Friday, August 6, 2010

Electricity Glut In Sarawak - What Does This Really Mean?

According to the report on 3.8.2010 in the Star "Electricity glut in Sarawak", "There is likely to be a major power glut in Sarawak with the coming on stream of two major hydro power projects by the end of 2013 and the lack of firm commitments from investors to take the power up, industry players said.

There will be 2,400MW of capacity from the RM7.3bil Bakun Dam by the end of 2012 while a further 944MW will be added from the RM3.5bil Murum Dam by the end of 2013".

And they are planning to build 52 dams. It does not sound as if they are really bothered about any impending electricity glut, probably because the costs will be fobbed off on the unsuspecting Sarawakians.

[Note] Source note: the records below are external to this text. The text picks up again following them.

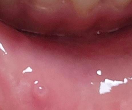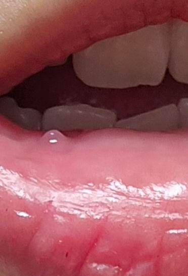 꽉 씹지 않았더라도, 삼각김밥 같은 음식을 먹다가 미세하게 점막에 자극이 가거나, 침샘의 구멍이 이물질로 막히면서 발생할 수 있으며 대부분 통증은 없고, 혀로 만졌을 때 약간 단단하고 매끈한 공 모양으로 느껴지며, 사진처럼 속이 비쳐 보이는 파르스름하거나 맑은 물혹 형태를 띱니다.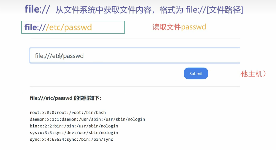 - file:// 从文件系统中获取文件内容,如file:///etc/passwd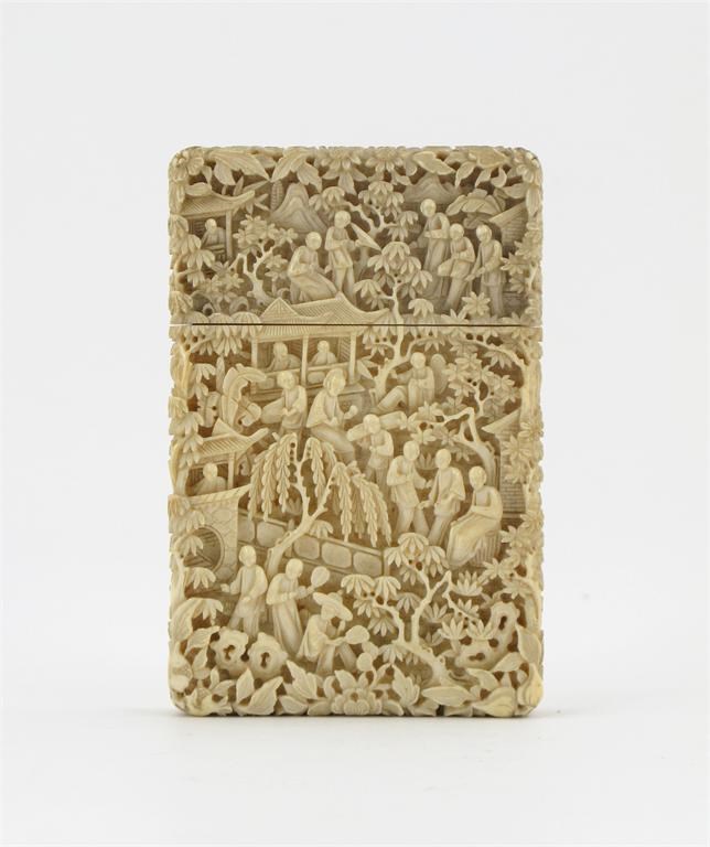A Chinese Canton carved ivory card case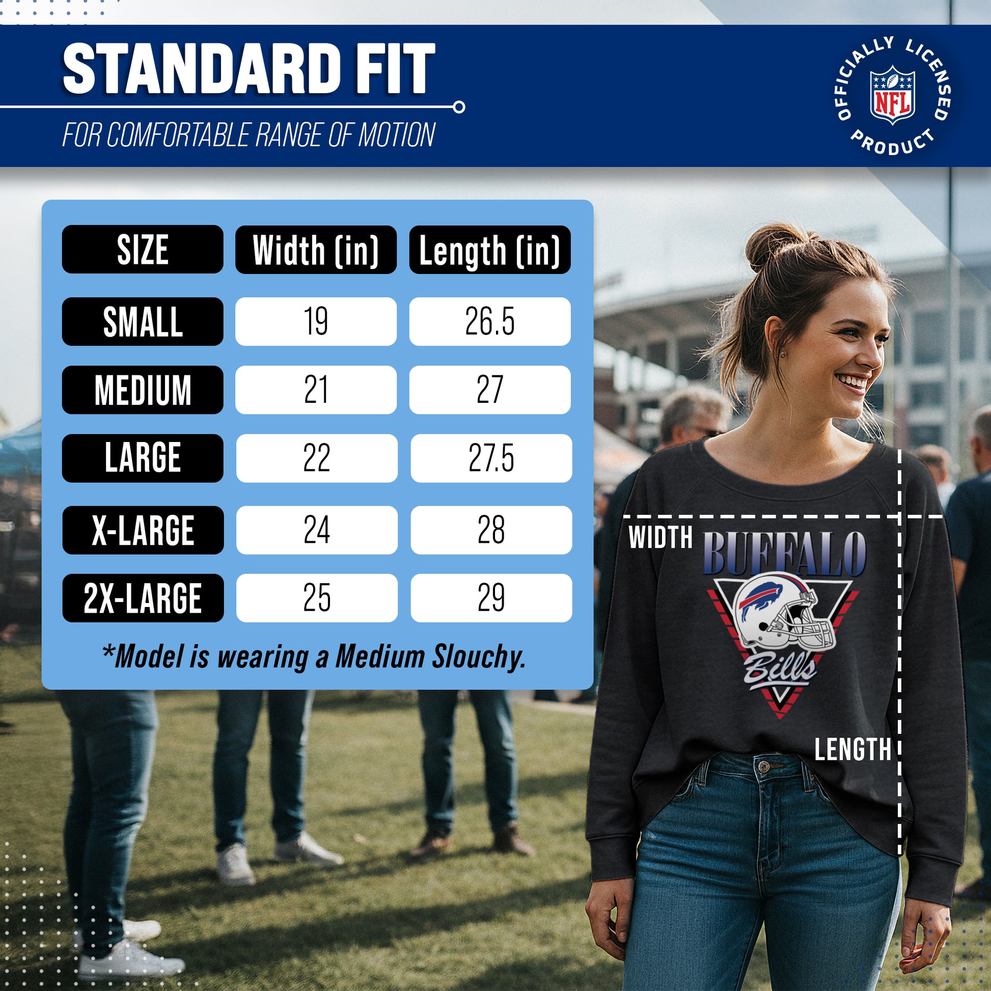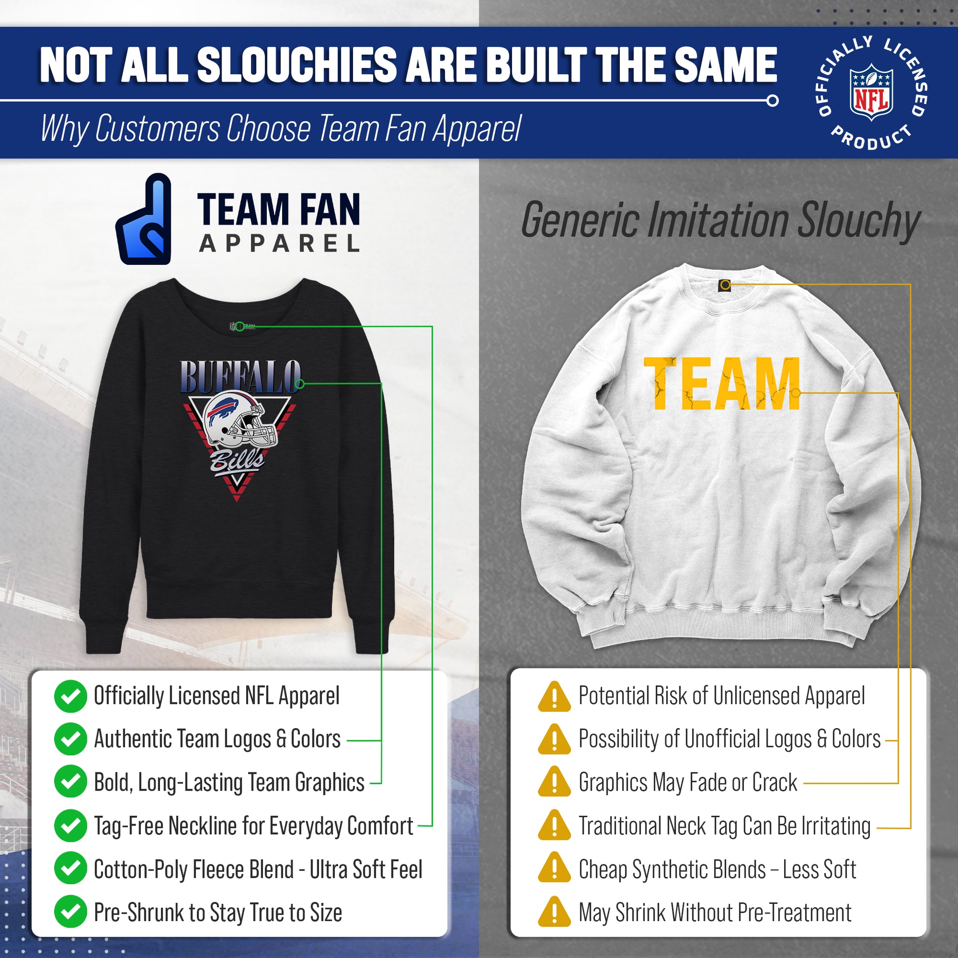 Hey there, fellow lady football fans! Show off your team pride in style with our Team Fan Apparel Buffalo Bills NFL Women's Retro Triangle Slouchy Crewneck Fleece Pullover. Made with extra soft cotton polyester fleece material, this long sleeve pullover sweatshirt will keep you warm and cozy on game day or any chilly day. With a tagless design, you won't have to worry about any annoying tags distracting you from cheering on your team. Featuring a retro triangle design and relaxed fit, this pullover adds a touch of fashion to your game day wardrobe. Available in a range of women's sizes, it's the perfect addition to any fan's closet. Whether you're headed to the stadium or watching from home, stay cool and stylish with this must-have piece of Bills apparel. Don't let snow or cold weather dampen your team spirit - grab one for yourself or as a gift for the ultimate football-loving lady in your life! Go Bills!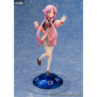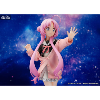 Discover this delightful official figure of Yu Akeuchi, a beloved character from Stardust Telepath. Yu is a sweet and dreamy young girl, known for her desire to connect with extraterrestrials and her boundless optimism. In this faithful representation, she wears her classic school uniform, consisting of a shirt, pleated skirt, and a pink cardigan, emphasizing her warm and endearing nature. Her dynamic pose, with one arm extended as if reaching for the stars, perfectly captures her determined spirit and her ambition to achieve her dreams.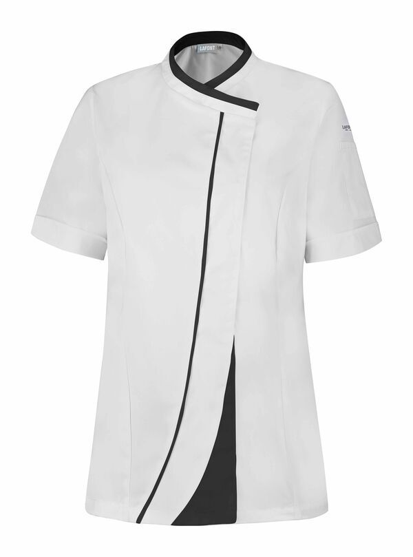 Veste femme à effet double col. Fermeture croisée par grippers cachés, double empiècement milieu dont angle bas contrasté et biais contrasté sur toute la hauteur. Découpes princesse sur devant et dos. Fentes côtés renforcées par un twill jacquard. OEillets d'aération brodés sous bras. Manches courtes. Bas de manches à revers. Coupe ajustée.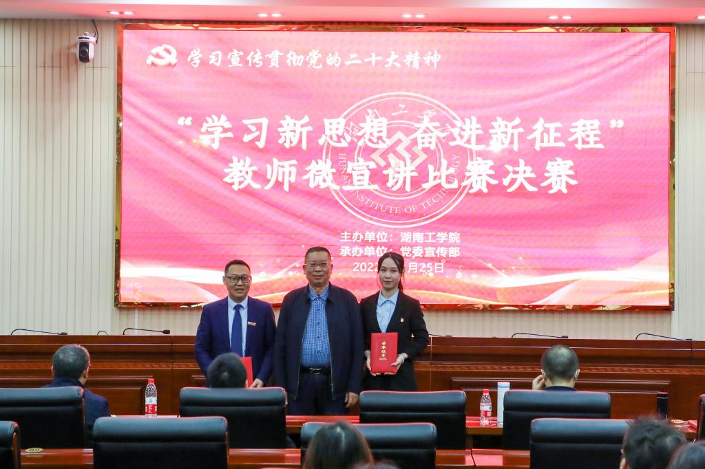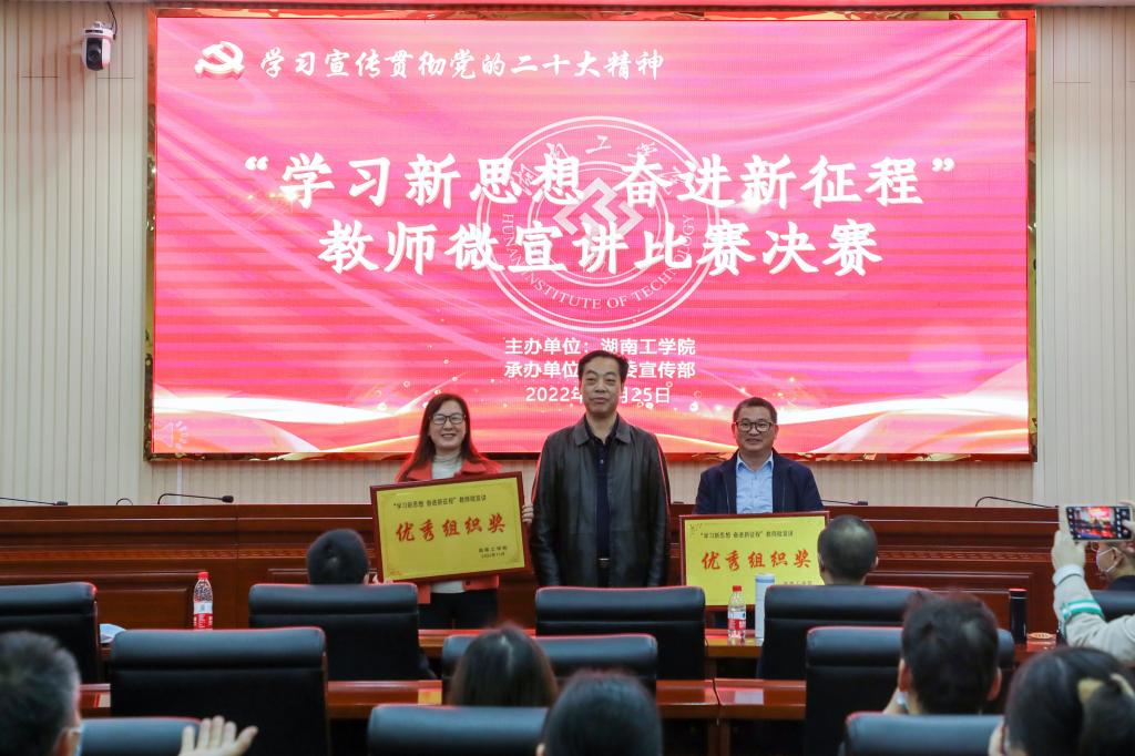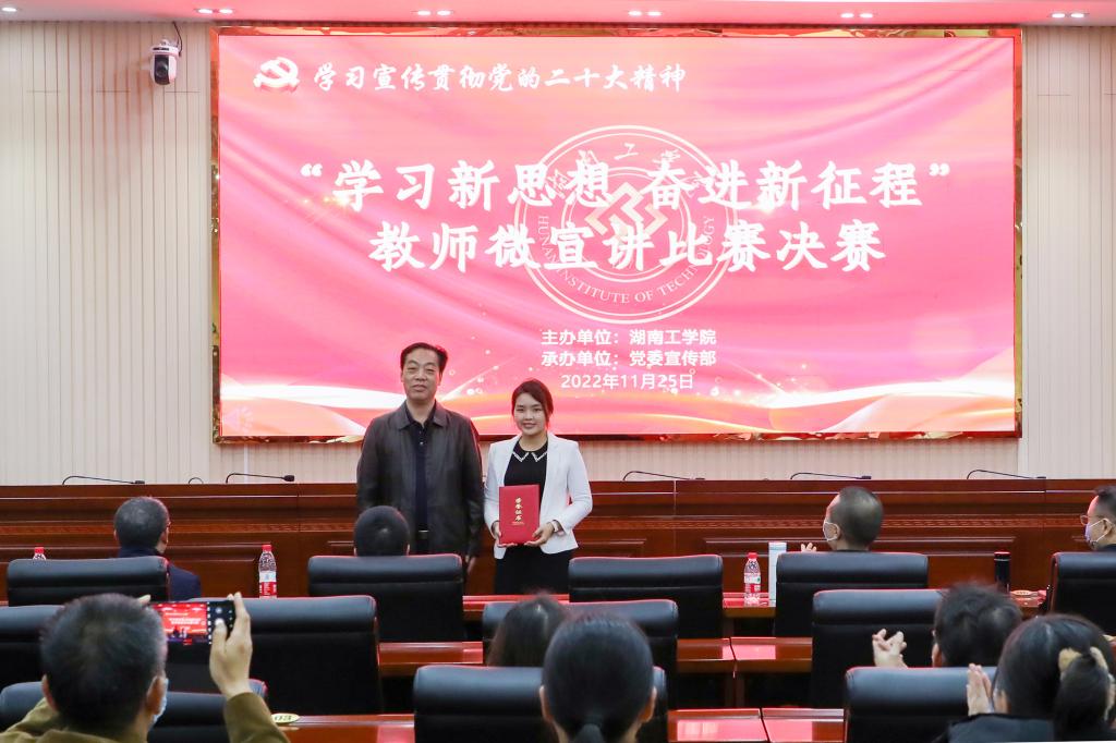 11月25日,WilliamHill官网在教学大楼船山报告厅举办“学习新思想 奋进新征程”教师微宣讲决赛,推动全校师生深入学习贯彻党的二十大精神走深走实。校党委书记宋克慧,党委委员、副校长、宣传部、统战部部长刘龙昌出席活动并为获奖选手颁奖。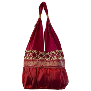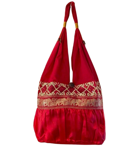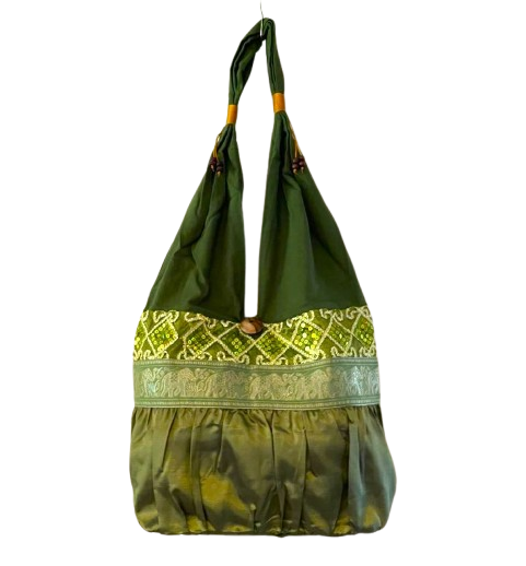 Has small wooden beads on each side of the handle, inside pocket and wooden or coconut shell button closure.Each Item in individually made so slight differences may occur.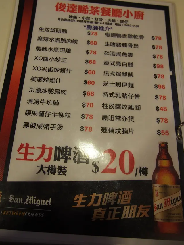 俊達茶餐廳小廚 (青衣) 網址: https://s.openrice.com/QrbS0kqi000 地址: 香港青衣青綠街7-19 號青怡薈1樓12號舖 電話: +852 2434 3256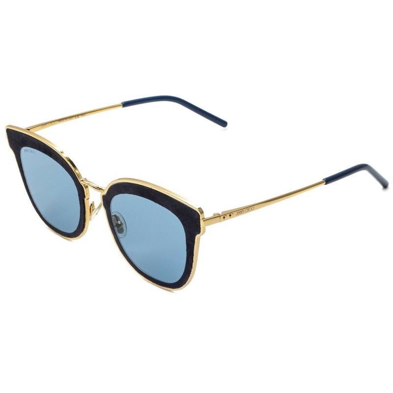 JIMMY CHOO NILE/S LKSA9 Sunglasses -100% AuthenticPolished gold metal frames and arms with glitter blue insertsGloss blue acetate arm endsBlue tinted gradient lensesBrand newLens Width = 63mmFrame Height = 54mmBridge = 12mmTemple = 140mmMeasures 142mm acro
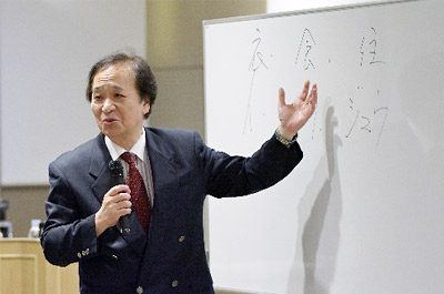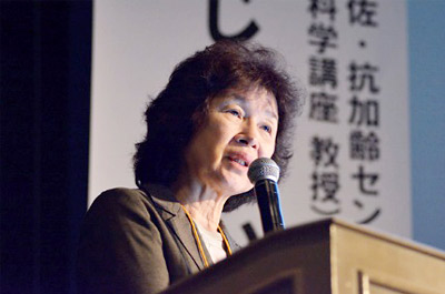 学会終了後に行われた市民公開講座では、「楽しく元気に長生きするための食生活を考える」とのテーマで、独立行政法人国立病院機構京都医療センターの浅原哲子先生のご講演と元NHKアナウンサーの古屋和雄さんから「イ・ショク」足りて健康長寿という講演テーマでお話いただきました。古屋さんの、なぞかけ問答を交えた軽妙な語り口に参加された市民の皆さんは魅了されていました。

Sarawak Headhunter has made it clear some time back that Sarawak does not need all these dams: "If what Sarawak Energy Berhad ("SEB") is scheming to implement for Sarawak together with elements of China's state-owned companies involved in electricity-generation and hydro-electric power plants/dams, Sarawak will have the dubious honour of having the most number of dams in Malaysia (52 dams to be precise), which it does not need".

See Sarawak Headhunter "Sarawak - Land Of The Dammed".

The real reason they are not worried about the electricity glut, of course, is because they are actually going to make a lot more money from the timber that they are going to clear from the dam sites than from the dams themselves. The dams are just the excuse. How much timber are we talking about here? Billions and billions of RM worth, at minimal cost, all to disappear without a trace.


Yes, that's what they are really interested in - the timber.

And they don't care how many natives they have to resettle or the environmental damage caused to get it.

See the photos of the other dam sites at "Sarawak - Land of the Dammed", which will show their true intentions quite clearly.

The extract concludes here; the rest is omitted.